TASK PROMPT: The expected output is exactly the lines below, starting at the line with "干擾源信號頻率越高,被干擾對" and ending at the line with "2024-2학기 학부 예비수강신청 실시", both included; no other line belongs in it.

STUDY MATERIAL:

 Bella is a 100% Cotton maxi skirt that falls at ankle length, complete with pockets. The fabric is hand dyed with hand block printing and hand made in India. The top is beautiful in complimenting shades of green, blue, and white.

---

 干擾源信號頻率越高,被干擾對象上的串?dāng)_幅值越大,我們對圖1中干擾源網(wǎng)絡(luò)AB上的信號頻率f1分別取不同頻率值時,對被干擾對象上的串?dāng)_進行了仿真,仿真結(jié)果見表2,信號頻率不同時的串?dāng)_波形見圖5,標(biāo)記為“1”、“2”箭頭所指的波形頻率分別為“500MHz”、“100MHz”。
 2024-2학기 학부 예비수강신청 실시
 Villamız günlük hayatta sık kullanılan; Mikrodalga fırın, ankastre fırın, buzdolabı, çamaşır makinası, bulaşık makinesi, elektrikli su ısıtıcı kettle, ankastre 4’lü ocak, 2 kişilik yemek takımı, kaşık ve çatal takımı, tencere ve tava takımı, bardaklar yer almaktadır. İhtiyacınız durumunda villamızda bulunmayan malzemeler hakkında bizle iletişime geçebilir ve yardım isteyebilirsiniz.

RESPONSE TO THE EXERCISE:
 干擾源信號頻率越高,被干擾對象上的串?dāng)_幅值越大,我們對圖1中干擾源網(wǎng)絡(luò)AB上的信號頻率f1分別取不同頻率值時,對被干擾對象上的串?dāng)_進行了仿真,仿真結(jié)果見表2,信號頻率不同時的串?dāng)_波形見圖5,標(biāo)記為“1”、“2”箭頭所指的波形頻率分別為“500MHz”、“100MHz”。
 2024-2학기 학부 예비수강신청 실시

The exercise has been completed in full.